Ginsenoside Rh4 induces apoptosis and autophagic cell death through activation of the ROS/JNK/p53 pathway in colorectal cancer cells, according to the study published in the journal Biochemical Pharmacology.
Ginsenosides are natural compounds extracted from Araliaceae plants like Panax ginseng. Since rare ginsenosides, metabolites of prototype ginsenosides, were found to exhibit anticancer property in the 1960s, scientists have been working on the mechanism of action of rare ginsenosides.

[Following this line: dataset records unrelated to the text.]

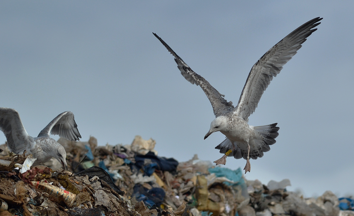 Larus cachinnans 2CY PLDC September 20 2013, Deponie Pohlsche Heide - Minden, Germany (52°23'05N, 08°46'45E). Picture: Armin Deutsch. Yellow PLDC and metal PLG DN-28846; ringed as pullus on May 25 2012 at Kozielno, Paczkow, S-SW Poland, (50°28' N, 16°58' E). Recoveries:
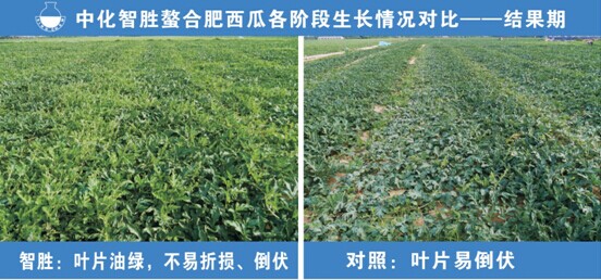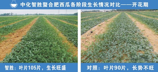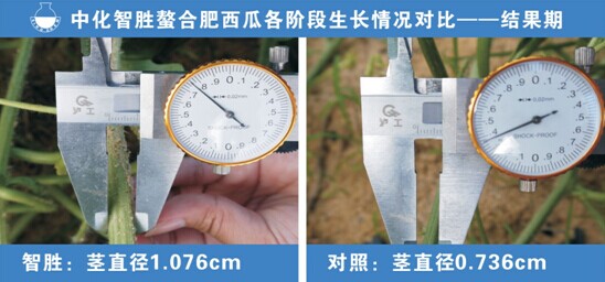 在活動現(xiàn)場,對比對照中,中化智勝螯合肥實驗組主要體現(xiàn)出以下四個特點:一、西瓜地上西瓜各個時期的生長態(tài)勢明顯比對照旺盛,達到了旺長快發(fā)的目的。二、葉片長寬,說明葉面積更大,光合作用面積更大,好比嘴巴更多,吃得多,長得也快;三、莖干較粗,那么植物光合作用后的產(chǎn)物輸送能力更強,好比公路更寬,車輛流通能力就更強;四、瓜長的更大更快,有利于農(nóng)戶提早上市賣出好的價格。
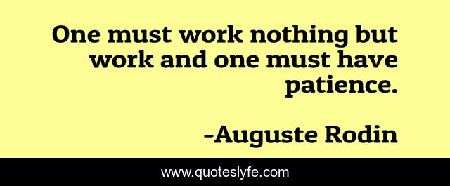 This page presents the quote "One must work nothing but work and one must have patience.". Author of this quote is Auguste Rodin. This quote is about art, artist,.
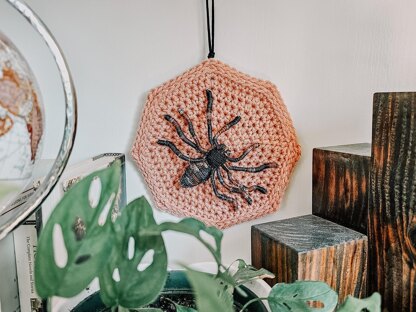 Bring a touch of the macabre to your home with the Gossamer Wall Hanging Crochet Pattern! A 3D spider specimen design that blends crochet artistry with natural history charm. Inspired by dark academia and gothic cottagecore aesthetics, this unique wall hanging combines mixed media techniques like wire shaping, layering multiple yarn weights, and subtle stiffening to create an elegant, dimensional fiber sculpture.
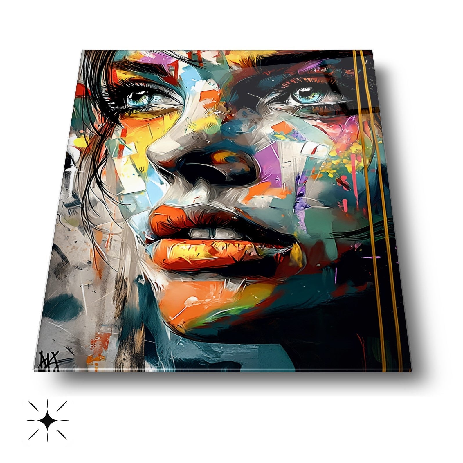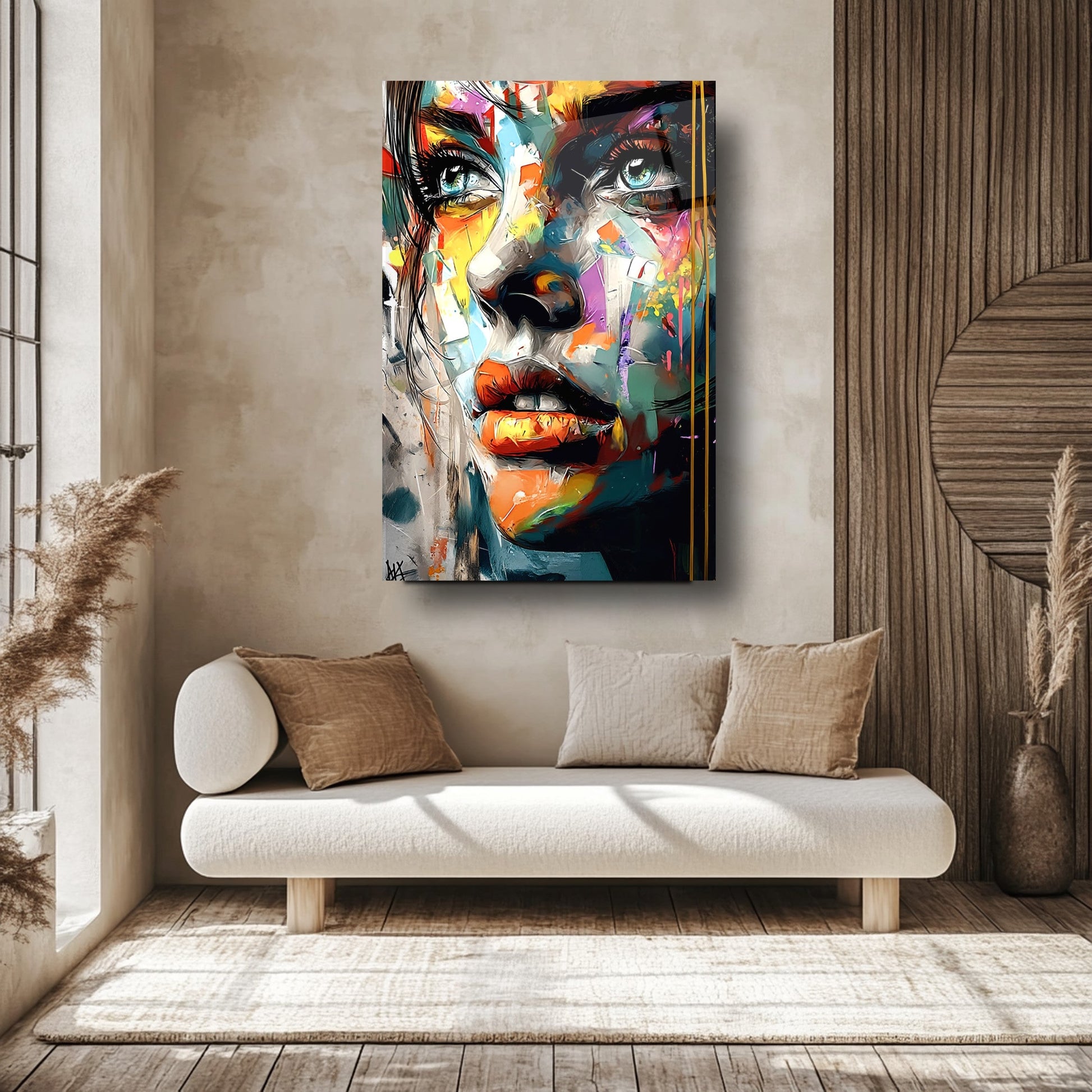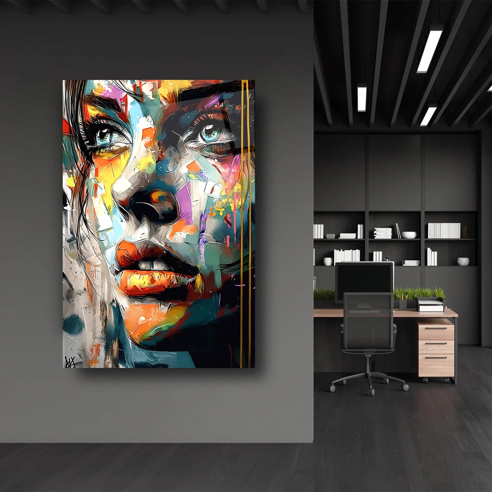 Güzellik Mekanlarınıza Sanatsal Bir Canlılık: Renkli Kadın Boyalı Portre Cam Tablo

Many rare ginsenosides have been studied to determine their targets, including ginsenoside Rh4, which is superior in anticancer activity for good water-solubility.
Researchers from Shaanxi Key Laboratory of Degradable Biomedical Materials, Northwest University in China conducted experiments to investigate the antiproliferative activity and mechanism of ginsenoside Rh4 in colorectal cancer.
In experiments, ginsenoside Rh4 significantly inhibited cancer proliferation via inducing G0/G1 phase arrest, caspase-dependent apoptosis and autophagic cell death.
Noticeably, experiments showed that ginsenoside Rh4 increased reactive oxygen species (ROS) accumulation and subsequently activated the pathway of tumor suppressor JNK-p53, which finally resulted in apoptosis and autophagy of colorectal cancer cells.
“The study is the first to reveal that ginsenoside Rh4 induces apoptosis and autophagic cell death through activation of the ROS/JNK/p53 pathway in colorectal cancer cells,” the author stated in the paper.
The findings suggest that ginsenoside Rh4 can be potentially used for fighting colorectal cancers.